# Anyone using Thermal Scopes?



## Tek (Feb 13, 2012)

Been doing my research on thermal and what I should get for night hunting inside 200 yards for predators/hogs...

Think I'm going to pull the trigger on the ATN Thor 320x240/2x...

I know ATN doesn't have the best rep for their NV lower end gear and bad customer service, but I'm going to get it through Sportsmanguide.com since they have 100% guarantee with no expiration...

Won't be getting it until July, but ill be posting hunts captured from it on my YouTube channel. I'm excited an cant wait!

I anyone is using thermal and have pix or vids post em up and give the 411 on how you like it.


----------



## bar-d (Feb 3, 2010)

Always wanted to go thermal but never could justify the cost versus spotlights. Good luck, let us know how it goes.

:hunter:


----------



## Jonbnks (Jan 21, 2012)

I wish we could use them here in Kansas, but they aren't legal for hunting.


----------



## jfarleyx (Apr 23, 2013)

Jonbnks said:


> I wish we could use them here in Kansas, but they aren't legal for hunting.

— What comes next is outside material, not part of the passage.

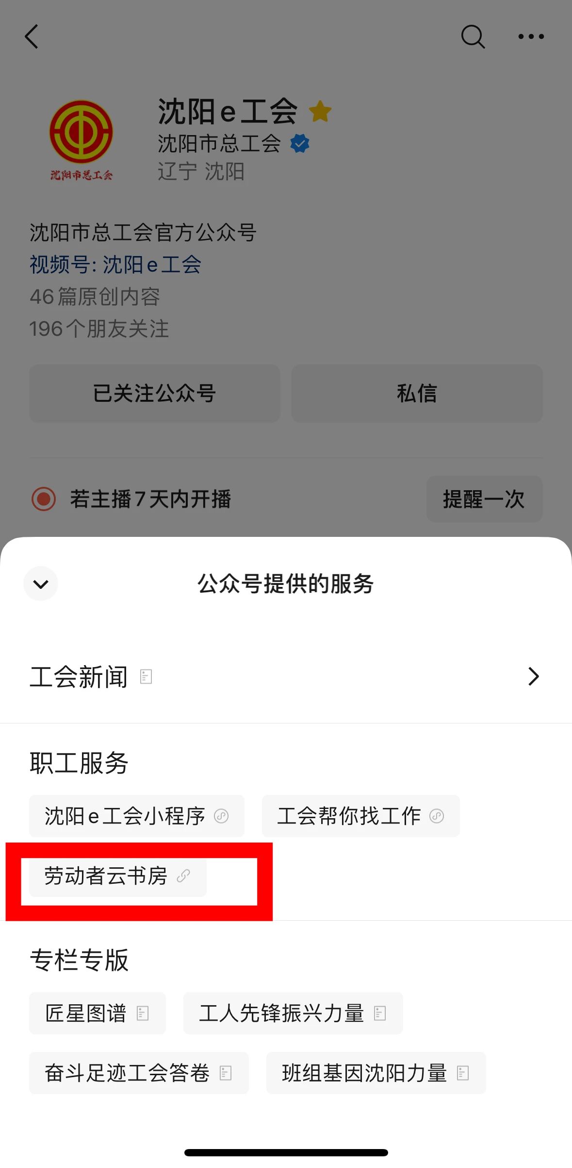 职工只需关注“沈阳e工会”微信公众号,进入“职工服务”菜单栏,点击“劳动者云书房”,即可自动注册,多终端同步阅读,碎片时间轻松“充电”。

Same issue in Oklahoma. Would love to use one, though.


----------



## Tek (Feb 13, 2012)

Man that sucks...


----------



## Jonbnks (Jan 21, 2012)

We can't hunt at night either, but at least we don't have the huge hog problem like many states. You'll have to let us know how well your unit works once you get one and test it for a while.


----------



## fr3db3ar (Aug 6, 2011)

I've wanted to try them but the sticker shock keeps getting in the way.


----------



## Tek (Feb 13, 2012)

Ya I hear ya fr3db3ar... Gonna have to sell a rifle to ease the pain. Selling to a buddy so I'll have the option to buy it back down the road.


----------